#### TASK STATEMENT
Every line of the listing below from the one with "Microshield 5 Chlorhexidine concentrate" up to and including the one with "At the top of Red Hill overlooking False Bay" should be retyped exactly, and nothing else; pictures are not part of the copy.

#### RECORDS FOR THIS TASK
- - -

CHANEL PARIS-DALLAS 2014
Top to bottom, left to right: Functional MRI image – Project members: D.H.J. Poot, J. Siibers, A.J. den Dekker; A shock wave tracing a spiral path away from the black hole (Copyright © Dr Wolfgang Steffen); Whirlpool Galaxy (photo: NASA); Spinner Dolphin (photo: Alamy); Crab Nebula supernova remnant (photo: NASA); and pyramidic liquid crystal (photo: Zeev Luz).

- - -

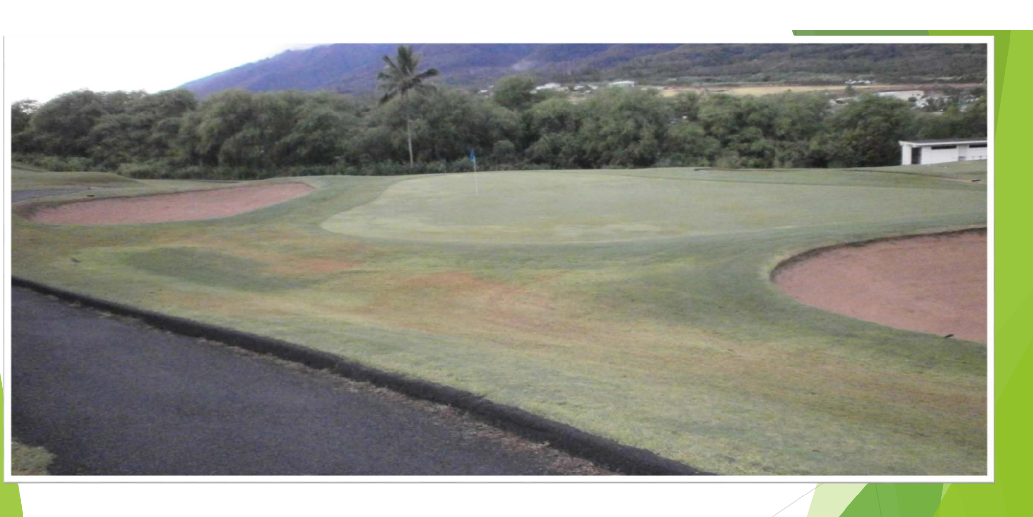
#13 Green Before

- - -

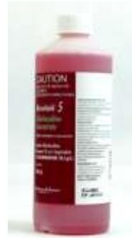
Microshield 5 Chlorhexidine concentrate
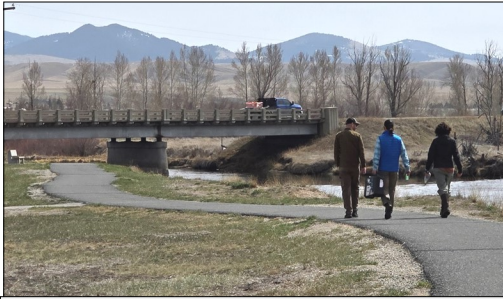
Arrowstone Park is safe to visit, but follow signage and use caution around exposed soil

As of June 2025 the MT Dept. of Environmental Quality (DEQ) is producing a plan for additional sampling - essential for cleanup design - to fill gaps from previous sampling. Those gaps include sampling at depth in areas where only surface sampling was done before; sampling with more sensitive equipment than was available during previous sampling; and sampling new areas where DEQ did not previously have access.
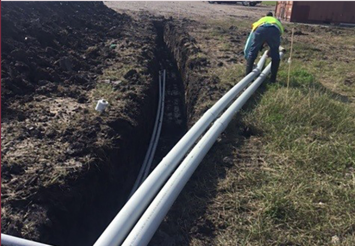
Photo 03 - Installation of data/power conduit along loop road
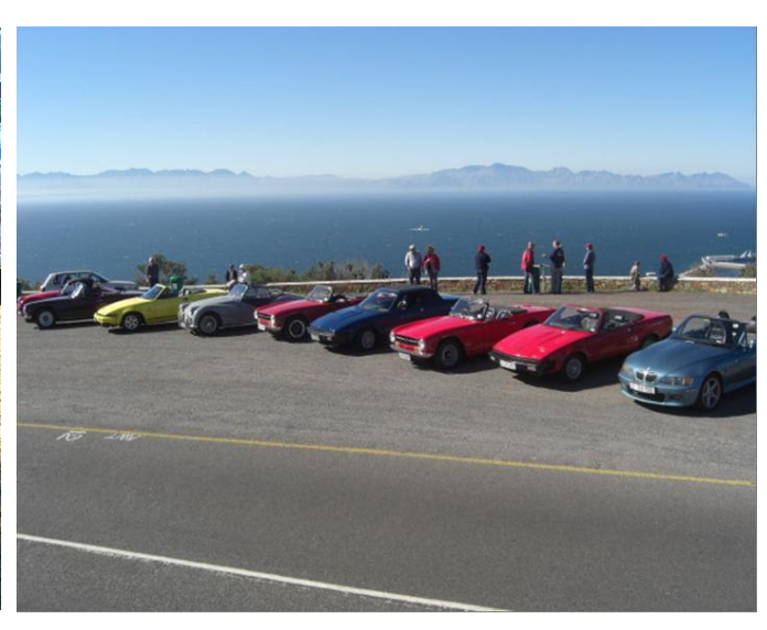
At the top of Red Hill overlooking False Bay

- - -

#### WRITTEN SOLUTION
Microshield 5 Chlorhexidine concentrate
Arrowstone Park is safe to visit, but follow signage and use caution around exposed soil

As of June 2025 the MT Dept. of Environmental Quality (DEQ) is producing a plan for additional sampling - essential for cleanup design - to fill gaps from previous sampling. Those gaps include sampling at depth in areas where only surface sampling was done before; sampling with more sensitive equipment than was available during previous sampling; and sampling new areas where DEQ did not previously have access.
Photo 03 - Installation of data/power conduit along loop road
At the top of Red Hill overlooking False Bay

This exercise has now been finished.